- **Aim of the exercise**:
The listing, minus its pictures, is to be given again exactly.

- **Given information**:
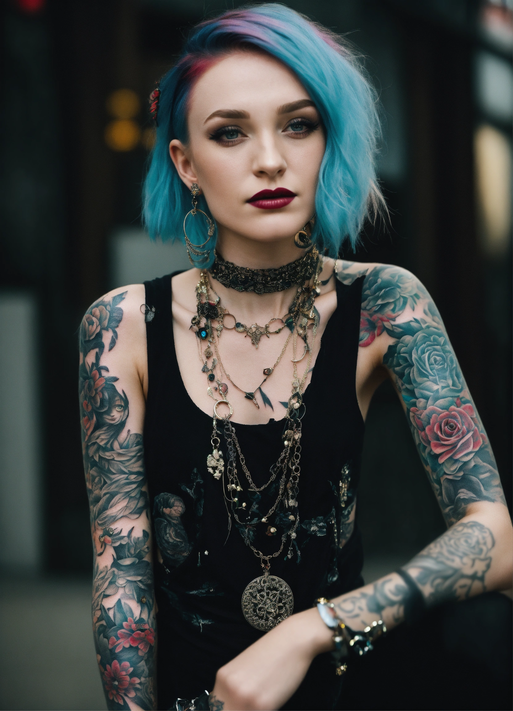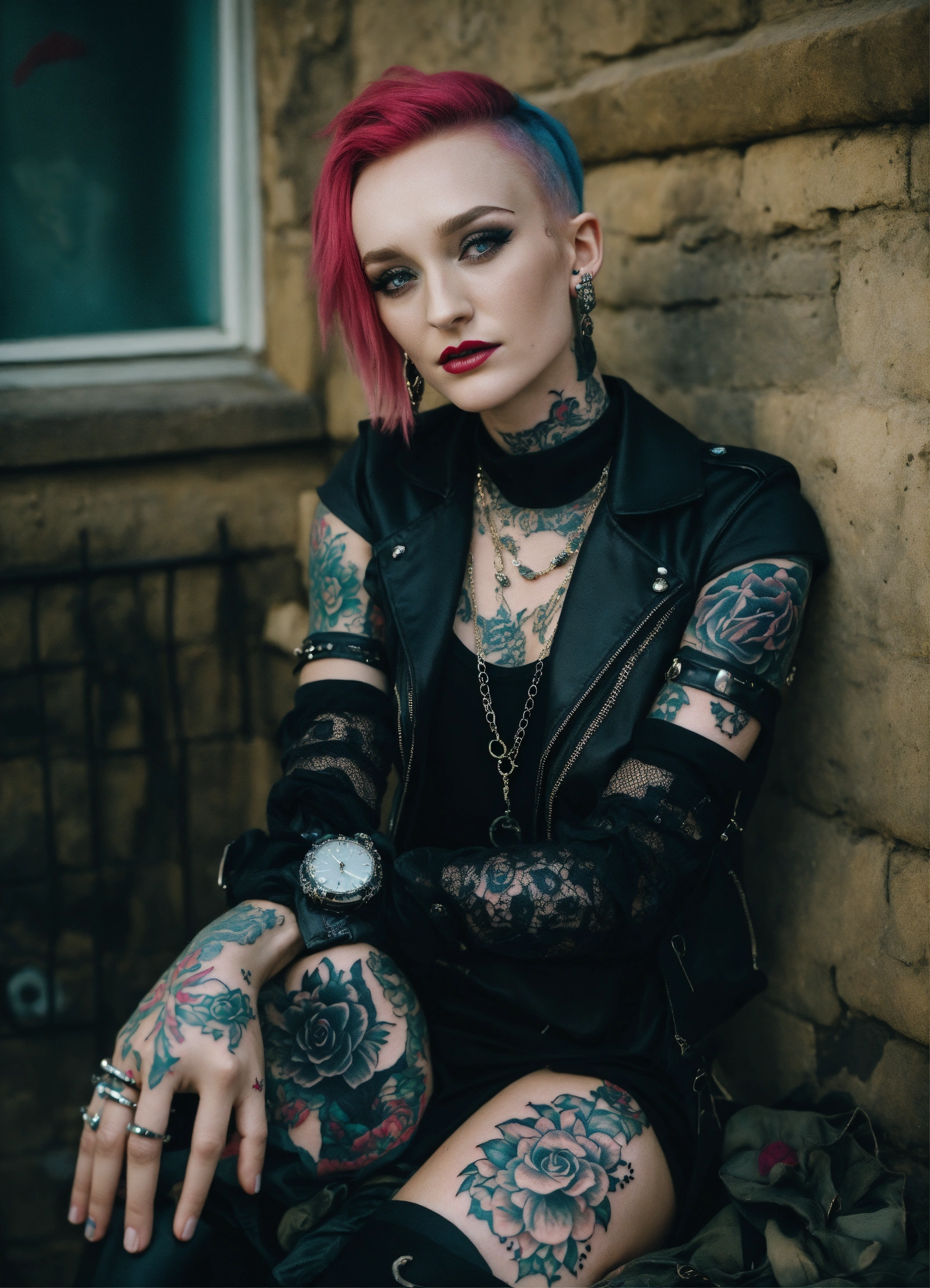 Soairse ronan goth punk multiple piercing tattoos sleeves full body
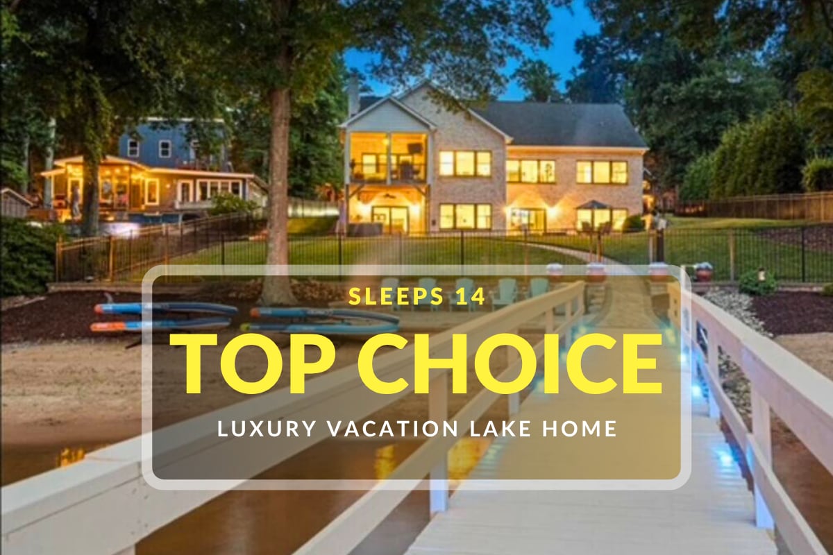 Located directly on Lake Norman, this waterfront retreat offers 3,300 sq ft of comfort for families and groups. Enjoy a private dock with direct lake access, a hot tub, and an outdoor fire pit for evenings by the water. Inside, two full kitchens make meal prep simple, while the game room provides entertainment for all ages. With space for up to 12 guests, it’s ideal for family gatherings and celebrations such as bachelorette parties, birthdays, or baby showers.
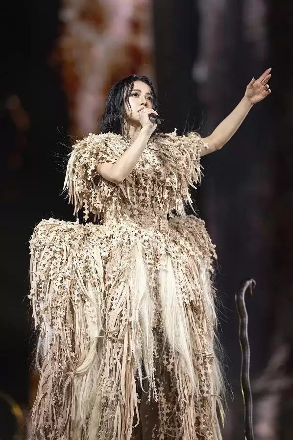 最终,蔡依林自象征主宰的“蛇冠心座”现身,伴随整场最宏大的装置——高达七层楼的“愉悦之女”巨型雕像缓缓升起,将视觉震撼与情感升华推向顶峰。这些装置以惊人的规模与创意,共同构建出一个可步入、可感知的“愉悦宇宙”,让观众完全沉浸于这场跨越叙事的感官之旅。
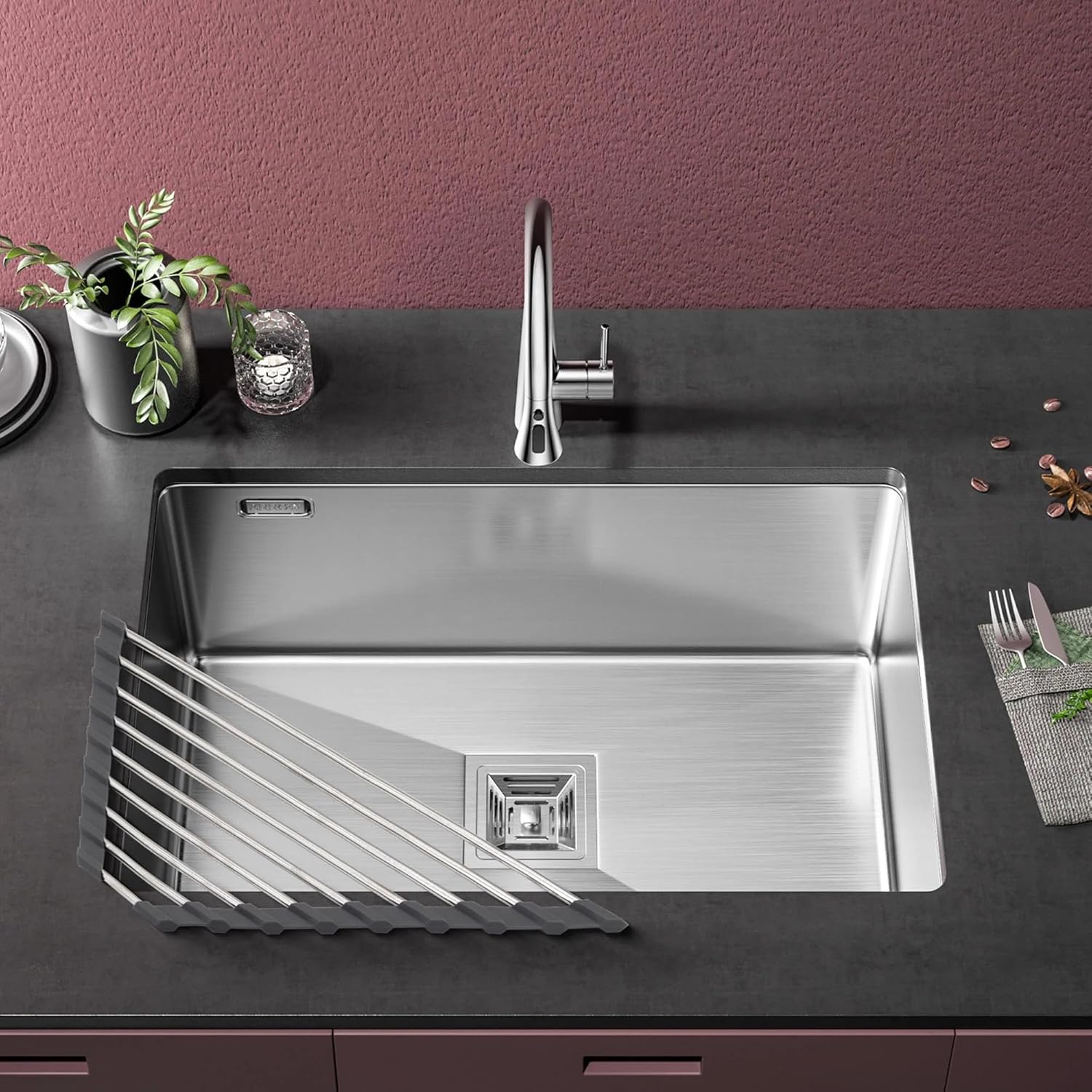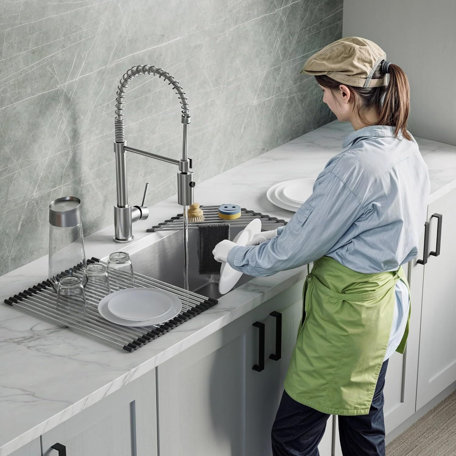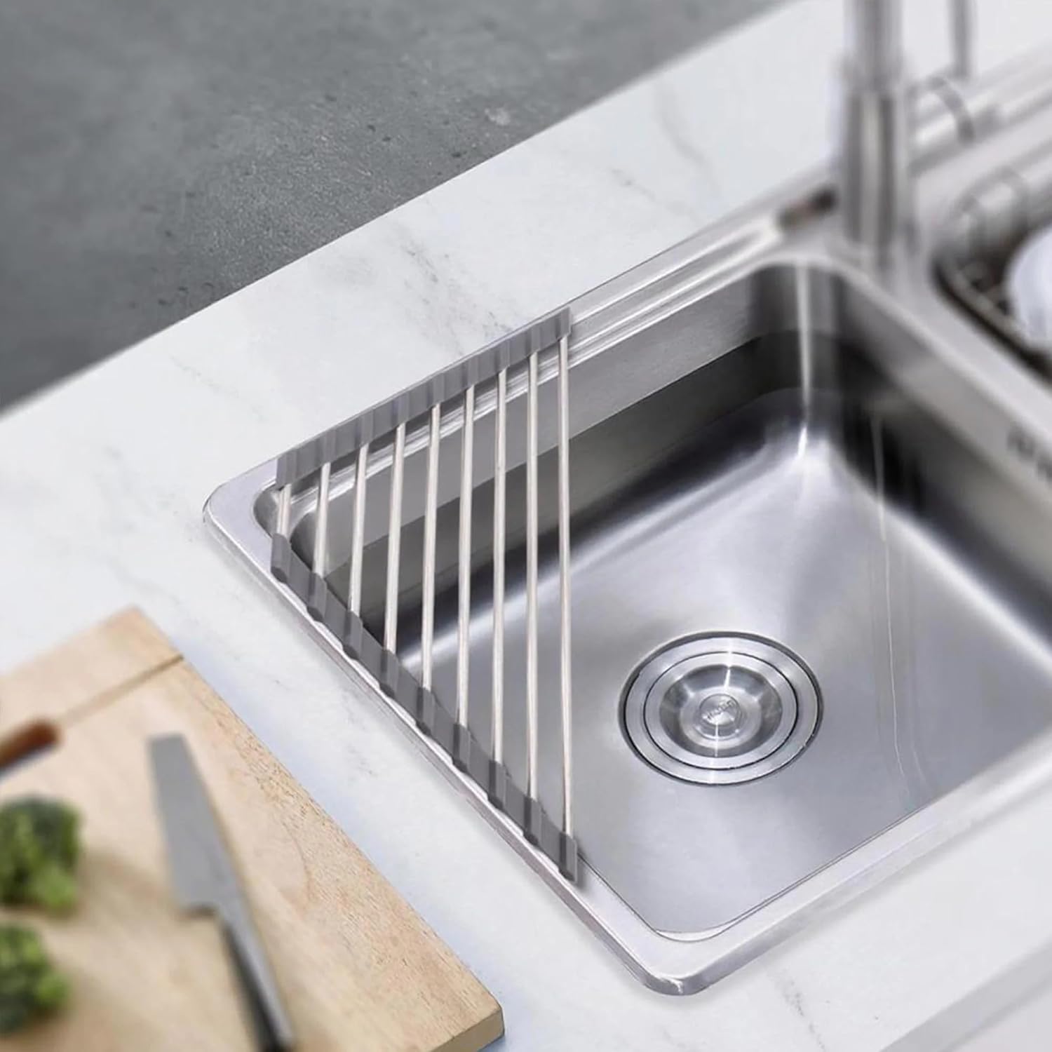 - Fits on Any Surface & Stylish Looks: Stretches securely over sinks or flat countertops. Sleek stainless steel combined with silicone ends delivers a modern look that blends seamlessly with any kitchen décor.

- **Result**:
 Soairse ronan goth punk multiple piercing tattoos sleeves full body
 Located directly on Lake Norman, this waterfront retreat offers 3,300 sq ft of comfort for families and groups. Enjoy a private dock with direct lake access, a hot tub, and an outdoor fire pit for evenings by the water. Inside, two full kitchens make meal prep simple, while the game room provides entertainment for all ages. With space for up to 12 guests, it’s ideal for family gatherings and celebrations such as bachelorette parties, birthdays, or baby showers.
 最终,蔡依林自象征主宰的“蛇冠心座”现身,伴随整场最宏大的装置——高达七层楼的“愉悦之女”巨型雕像缓缓升起,将视觉震撼与情感升华推向顶峰。这些装置以惊人的规模与创意,共同构建出一个可步入、可感知的“愉悦宇宙”,让观众完全沉浸于这场跨越叙事的感官之旅。
 - Fits on Any Surface & Stylish Looks: Stretches securely over sinks or flat countertops. Sleek stainless steel combined with silicone ends delivers a modern look that blends seamlessly with any kitchen décor.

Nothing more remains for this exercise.